テーブルへと雫を落とし、支離滅裂になりつつも、何かを伝えようとするのを慈愛に満ちた目で見守っていた。
「でも、そうじゃなかった。君は、ディオドラを治療したことを肯定出来ていて、悪魔になった事を後悔なんてして無くて、誰にも恨みなんて向けていなくて……ただ、純粋に生活を楽しんでいた。俺が、兵藤天魔という一個人が、彼女達の気持ちを勝手に推測して、無駄に意地を張って、君を見るのを嫌がった。話を聞いて、無駄に時間をかけて考えて、ようやく結論を出した。本当なら、もっと早くいうべきだった。少なくとも、ディオドラが来る前には」
天魔が顔を上げ、アーシアへと目を合わせる。
息を整え、最後に大きく深呼吸をすると、改めて切り出した。
「アーシア・アルジェントさん。俺に、君の人生を背負わせて欲しい。これから君はひどく傷つくことになる。俺は俺のために、君を囮にするような外道だ。

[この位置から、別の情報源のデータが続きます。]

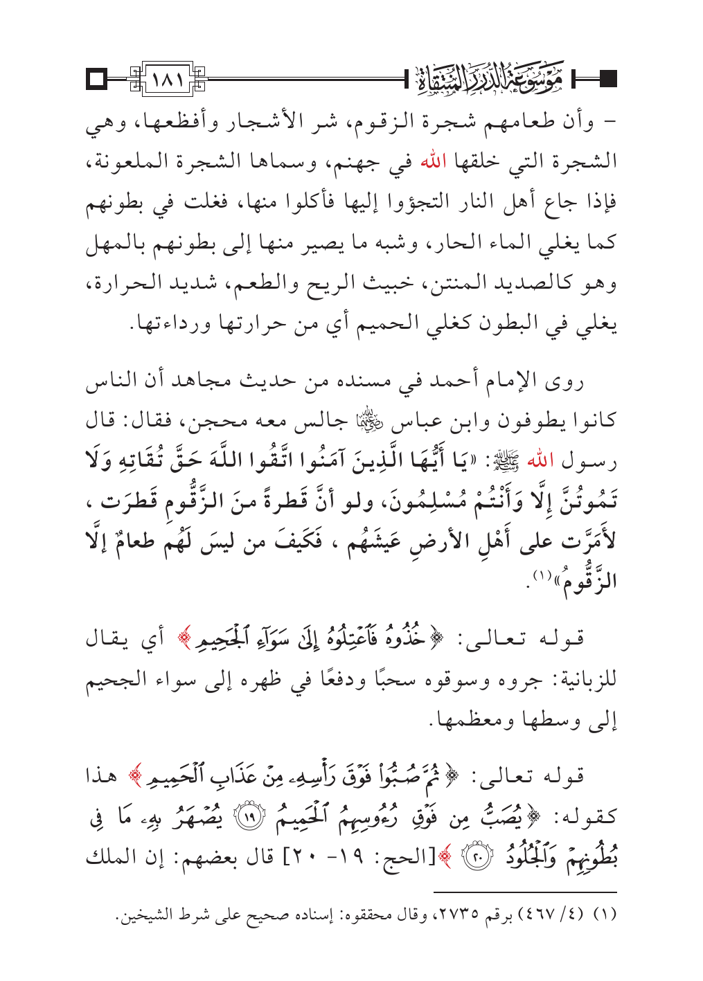 روى الإمام أحمد في مسنده من حديث مجاهد أن الناس كانوا يطوفون وابن عباس - رضي الله عنهما - جالس معه محجن، فقال: قال رسول الله - صلى الله عليه وسلم -: «يَا أَيُّهَا الَّذِينَ آمَنُوا اتَّقُوا اللَّهَ حَقَّ تُقَاتِهِ وَلَا تَمُوتُنَّ إِلَّا وَأَنْتُمْ مُسْلِمُونَ، ولو أنَّ قَطرةً منَ الزَّقُّومِ قَطرَت، لأَمَرَّت على أَهْلِ الأرضِ عَيشَهُم، فَكَيفَ من ليسَ لَهُم طعامٌ إلَّا الزَّقُّومُ» (¬١).

だけど、必ず助けるし、俺の生命尽きるまで、君のそばにいる。だから、俺と一緒に生きて欲しい」
天魔が言葉とともに差し出した手を、アーシアは僅かに目を伏せると、包み込むように両手で握る。
その表情は微笑みつつ、一筋の涙が伝っていた。
「もちろんです。天魔さん、ずっと、一緒にいましょう」
アーシアの答えを聞き、包まれた手を握り返し、自由な手で顔をおおうと天井を仰ぐ。
「あ~、本当俺ってばクズだよなぁ。告白に「これから傷つけます。でも助けるから赦してください」ってなんだよ、マジで。ごめんな、アーシア。こんなクソ野郎で」
「そんなことはないです。天魔さんは素敵なヒトですよ」
自嘲する天魔をアーシアが慰め、天魔が深い溜め息と共にうなだれる。
そんな様子にアーシアが微笑んでいるとゼノヴィアが呼びに来た。
「アーシア、朱乃さんがコスプレ衣装なるものを持ってきたんだが、一緒にどうかな? 何でもこの国におけるシスターにあたるものらしいぞ」
応じるか迷うアーシアへ、天魔が手で応じるように勧め、それを見たアーシアが部屋を出る。
一人になった部屋で瞑目していると、音もなく一人が入室する。
「聞いての通りだ。俺はもう目をそらさない。真正面から、何人に増えようが、全員まとめて幸せにしてやるよ」
「言ったわね? もう取り消せないわよ? 何人になるかしらね?」
「……悪い、人数に関して明言するのはもうちょっと待ってくれ……覚悟は決めたが、あと少しだけ現実逃避させてくれ……」
「ダーメ♪」
心底面白そうに黒歌が告げる。
深い溜め息と共に項垂れる天魔のもとに、一つの連絡が届いた。